[Your objective] Nothing should change. Output the data exactly.

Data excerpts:
********

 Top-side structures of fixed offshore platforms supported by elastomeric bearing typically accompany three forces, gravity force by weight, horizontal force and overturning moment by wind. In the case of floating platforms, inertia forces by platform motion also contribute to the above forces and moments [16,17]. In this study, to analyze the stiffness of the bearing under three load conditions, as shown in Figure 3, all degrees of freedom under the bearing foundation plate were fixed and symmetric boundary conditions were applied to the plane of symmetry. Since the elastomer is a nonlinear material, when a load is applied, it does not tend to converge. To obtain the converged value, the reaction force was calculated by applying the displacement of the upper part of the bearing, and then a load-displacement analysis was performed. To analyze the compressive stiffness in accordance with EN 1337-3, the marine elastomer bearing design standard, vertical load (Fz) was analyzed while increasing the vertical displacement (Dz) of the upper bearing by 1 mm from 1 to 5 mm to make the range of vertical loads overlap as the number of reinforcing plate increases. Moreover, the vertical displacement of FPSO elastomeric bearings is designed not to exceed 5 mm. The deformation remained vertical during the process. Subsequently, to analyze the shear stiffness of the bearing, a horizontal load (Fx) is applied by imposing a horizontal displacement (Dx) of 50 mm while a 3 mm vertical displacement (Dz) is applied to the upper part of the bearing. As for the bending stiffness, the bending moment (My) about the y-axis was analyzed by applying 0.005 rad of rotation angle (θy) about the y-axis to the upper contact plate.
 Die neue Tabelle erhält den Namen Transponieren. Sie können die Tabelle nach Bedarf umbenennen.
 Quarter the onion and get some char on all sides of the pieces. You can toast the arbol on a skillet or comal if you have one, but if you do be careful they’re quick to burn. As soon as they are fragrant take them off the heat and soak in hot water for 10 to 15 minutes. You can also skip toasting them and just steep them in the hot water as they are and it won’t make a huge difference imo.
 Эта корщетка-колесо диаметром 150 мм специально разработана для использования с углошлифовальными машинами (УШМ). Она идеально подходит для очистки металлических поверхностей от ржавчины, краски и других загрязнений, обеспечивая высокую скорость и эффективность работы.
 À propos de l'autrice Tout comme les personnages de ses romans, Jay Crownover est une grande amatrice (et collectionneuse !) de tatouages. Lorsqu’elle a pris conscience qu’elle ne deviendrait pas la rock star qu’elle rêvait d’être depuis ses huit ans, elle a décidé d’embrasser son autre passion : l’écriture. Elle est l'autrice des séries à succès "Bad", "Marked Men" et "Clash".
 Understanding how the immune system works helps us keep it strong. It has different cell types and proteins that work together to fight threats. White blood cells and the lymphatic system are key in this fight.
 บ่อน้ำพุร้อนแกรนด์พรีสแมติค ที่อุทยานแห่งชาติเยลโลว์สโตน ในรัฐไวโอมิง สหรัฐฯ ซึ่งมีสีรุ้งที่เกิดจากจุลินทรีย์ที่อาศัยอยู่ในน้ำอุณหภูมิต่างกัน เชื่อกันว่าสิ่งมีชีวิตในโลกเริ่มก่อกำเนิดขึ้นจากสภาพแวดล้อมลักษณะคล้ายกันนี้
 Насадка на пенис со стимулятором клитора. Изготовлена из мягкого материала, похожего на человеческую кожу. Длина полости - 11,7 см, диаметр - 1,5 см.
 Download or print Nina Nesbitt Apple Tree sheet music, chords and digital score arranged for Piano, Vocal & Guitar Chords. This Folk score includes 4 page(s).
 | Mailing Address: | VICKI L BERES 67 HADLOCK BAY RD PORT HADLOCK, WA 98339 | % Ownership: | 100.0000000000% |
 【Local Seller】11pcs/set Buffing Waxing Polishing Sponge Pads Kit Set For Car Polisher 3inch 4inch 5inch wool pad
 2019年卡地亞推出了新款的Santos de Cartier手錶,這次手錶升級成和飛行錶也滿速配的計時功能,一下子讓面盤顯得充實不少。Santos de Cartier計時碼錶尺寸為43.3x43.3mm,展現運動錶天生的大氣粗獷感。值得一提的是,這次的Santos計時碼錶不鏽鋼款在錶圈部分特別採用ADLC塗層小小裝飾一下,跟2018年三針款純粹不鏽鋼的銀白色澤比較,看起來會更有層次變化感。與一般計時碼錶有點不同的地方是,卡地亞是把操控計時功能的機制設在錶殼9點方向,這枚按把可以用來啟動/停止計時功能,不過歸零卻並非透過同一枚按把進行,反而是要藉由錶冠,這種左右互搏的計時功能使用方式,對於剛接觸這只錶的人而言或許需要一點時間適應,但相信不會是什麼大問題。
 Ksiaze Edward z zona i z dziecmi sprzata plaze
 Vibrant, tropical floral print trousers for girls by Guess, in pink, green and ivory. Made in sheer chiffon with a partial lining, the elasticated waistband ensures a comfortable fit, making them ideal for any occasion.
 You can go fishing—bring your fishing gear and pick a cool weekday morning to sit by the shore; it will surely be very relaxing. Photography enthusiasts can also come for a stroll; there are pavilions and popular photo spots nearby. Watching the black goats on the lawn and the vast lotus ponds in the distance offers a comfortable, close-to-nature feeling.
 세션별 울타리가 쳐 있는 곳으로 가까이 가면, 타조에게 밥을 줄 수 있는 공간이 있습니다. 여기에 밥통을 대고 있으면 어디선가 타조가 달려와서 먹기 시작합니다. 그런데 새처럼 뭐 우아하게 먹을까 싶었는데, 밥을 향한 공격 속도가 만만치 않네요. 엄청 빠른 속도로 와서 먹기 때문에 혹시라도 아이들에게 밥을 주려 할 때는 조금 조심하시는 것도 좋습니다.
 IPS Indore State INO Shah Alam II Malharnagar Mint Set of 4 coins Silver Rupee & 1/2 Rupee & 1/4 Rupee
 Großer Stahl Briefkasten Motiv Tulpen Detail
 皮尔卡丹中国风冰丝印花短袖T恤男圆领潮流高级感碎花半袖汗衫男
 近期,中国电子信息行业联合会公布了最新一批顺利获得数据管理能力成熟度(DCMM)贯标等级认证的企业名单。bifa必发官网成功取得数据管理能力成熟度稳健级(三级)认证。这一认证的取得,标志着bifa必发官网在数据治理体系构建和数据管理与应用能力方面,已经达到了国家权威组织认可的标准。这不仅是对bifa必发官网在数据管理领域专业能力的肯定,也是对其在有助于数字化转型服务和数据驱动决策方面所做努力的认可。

********

[Reply]
 Top-side structures of fixed offshore platforms supported by elastomeric bearing typically accompany three forces, gravity force by weight, horizontal force and overturning moment by wind. In the case of floating platforms, inertia forces by platform motion also contribute to the above forces and moments [16,17]. In this study, to analyze the stiffness of the bearing under three load conditions, as shown in Figure 3, all degrees of freedom under the bearing foundation plate were fixed and symmetric boundary conditions were applied to the plane of symmetry. Since the elastomer is a nonlinear material, when a load is applied, it does not tend to converge. To obtain the converged value, the reaction force was calculated by applying the displacement of the upper part of the bearing, and then a load-displacement analysis was performed. To analyze the compressive stiffness in accordance with EN 1337-3, the marine elastomer bearing design standard, vertical load (Fz) was analyzed while increasing the vertical displacement (Dz) of the upper bearing by 1 mm from 1 to 5 mm to make the range of vertical loads overlap as the number of reinforcing plate increases. Moreover, the vertical displacement of FPSO elastomeric bearings is designed not to exceed 5 mm. The deformation remained vertical during the process. Subsequently, to analyze the shear stiffness of the bearing, a horizontal load (Fx) is applied by imposing a horizontal displacement (Dx) of 50 mm while a 3 mm vertical displacement (Dz) is applied to the upper part of the bearing. As for the bending stiffness, the bending moment (My) about the y-axis was analyzed by applying 0.005 rad of rotation angle (θy) about the y-axis to the upper contact plate.
 Die neue Tabelle erhält den Namen Transponieren. Sie können die Tabelle nach Bedarf umbenennen.
 Quarter the onion and get some char on all sides of the pieces. You can toast the arbol on a skillet or comal if you have one, but if you do be careful they’re quick to burn. As soon as they are fragrant take them off the heat and soak in hot water for 10 to 15 minutes. You can also skip toasting them and just steep them in the hot water as they are and it won’t make a huge difference imo.
 Эта корщетка-колесо диаметром 150 мм специально разработана для использования с углошлифовальными машинами (УШМ). Она идеально подходит для очистки металлических поверхностей от ржавчины, краски и других загрязнений, обеспечивая высокую скорость и эффективность работы.
 À propos de l'autrice Tout comme les personnages de ses romans, Jay Crownover est une grande amatrice (et collectionneuse !) de tatouages. Lorsqu’elle a pris conscience qu’elle ne deviendrait pas la rock star qu’elle rêvait d’être depuis ses huit ans, elle a décidé d’embrasser son autre passion : l’écriture. Elle est l'autrice des séries à succès "Bad", "Marked Men" et "Clash".
 Understanding how the immune system works helps us keep it strong. It has different cell types and proteins that work together to fight threats. White blood cells and the lymphatic system are key in this fight.
 บ่อน้ำพุร้อนแกรนด์พรีสแมติค ที่อุทยานแห่งชาติเยลโลว์สโตน ในรัฐไวโอมิง สหรัฐฯ ซึ่งมีสีรุ้งที่เกิดจากจุลินทรีย์ที่อาศัยอยู่ในน้ำอุณหภูมิต่างกัน เชื่อกันว่าสิ่งมีชีวิตในโลกเริ่มก่อกำเนิดขึ้นจากสภาพแวดล้อมลักษณะคล้ายกันนี้
 Насадка на пенис со стимулятором клитора. Изготовлена из мягкого материала, похожего на человеческую кожу. Длина полости - 11,7 см, диаметр - 1,5 см.
 Download or print Nina Nesbitt Apple Tree sheet music, chords and digital score arranged for Piano, Vocal & Guitar Chords. This Folk score includes 4 page(s).
 | Mailing Address: | VICKI L BERES 67 HADLOCK BAY RD PORT HADLOCK, WA 98339 | % Ownership: | 100.0000000000% |
 【Local Seller】11pcs/set Buffing Waxing Polishing Sponge Pads Kit Set For Car Polisher 3inch 4inch 5inch wool pad
 2019年卡地亞推出了新款的Santos de Cartier手錶,這次手錶升級成和飛行錶也滿速配的計時功能,一下子讓面盤顯得充實不少。Santos de Cartier計時碼錶尺寸為43.3x43.3mm,展現運動錶天生的大氣粗獷感。值得一提的是,這次的Santos計時碼錶不鏽鋼款在錶圈部分特別採用ADLC塗層小小裝飾一下,跟2018年三針款純粹不鏽鋼的銀白色澤比較,看起來會更有層次變化感。與一般計時碼錶有點不同的地方是,卡地亞是把操控計時功能的機制設在錶殼9點方向,這枚按把可以用來啟動/停止計時功能,不過歸零卻並非透過同一枚按把進行,反而是要藉由錶冠,這種左右互搏的計時功能使用方式,對於剛接觸這只錶的人而言或許需要一點時間適應,但相信不會是什麼大問題。
 Ksiaze Edward z zona i z dziecmi sprzata plaze
 Vibrant, tropical floral print trousers for girls by Guess, in pink, green and ivory. Made in sheer chiffon with a partial lining, the elasticated waistband ensures a comfortable fit, making them ideal for any occasion.
 You can go fishing—bring your fishing gear and pick a cool weekday morning to sit by the shore; it will surely be very relaxing. Photography enthusiasts can also come for a stroll; there are pavilions and popular photo spots nearby. Watching the black goats on the lawn and the vast lotus ponds in the distance offers a comfortable, close-to-nature feeling.
 세션별 울타리가 쳐 있는 곳으로 가까이 가면, 타조에게 밥을 줄 수 있는 공간이 있습니다. 여기에 밥통을 대고 있으면 어디선가 타조가 달려와서 먹기 시작합니다. 그런데 새처럼 뭐 우아하게 먹을까 싶었는데, 밥을 향한 공격 속도가 만만치 않네요. 엄청 빠른 속도로 와서 먹기 때문에 혹시라도 아이들에게 밥을 주려 할 때는 조금 조심하시는 것도 좋습니다.
 IPS Indore State INO Shah Alam II Malharnagar Mint Set of 4 coins Silver Rupee & 1/2 Rupee & 1/4 Rupee
 Großer Stahl Briefkasten Motiv Tulpen Detail
 皮尔卡丹中国风冰丝印花短袖T恤男圆领潮流高级感碎花半袖汗衫男
 近期,中国电子信息行业联合会公布了最新一批顺利获得数据管理能力成熟度(DCMM)贯标等级认证的企业名单。bifa必发官网成功取得数据管理能力成熟度稳健级(三级)认证。这一认证的取得,标志着bifa必发官网在数据治理体系构建和数据管理与应用能力方面,已经达到了国家权威组织认可的标准。这不仅是对bifa必发官网在数据管理领域专业能力的肯定,也是对其在有助于数字化转型服务和数据驱动决策方面所做努力的认可。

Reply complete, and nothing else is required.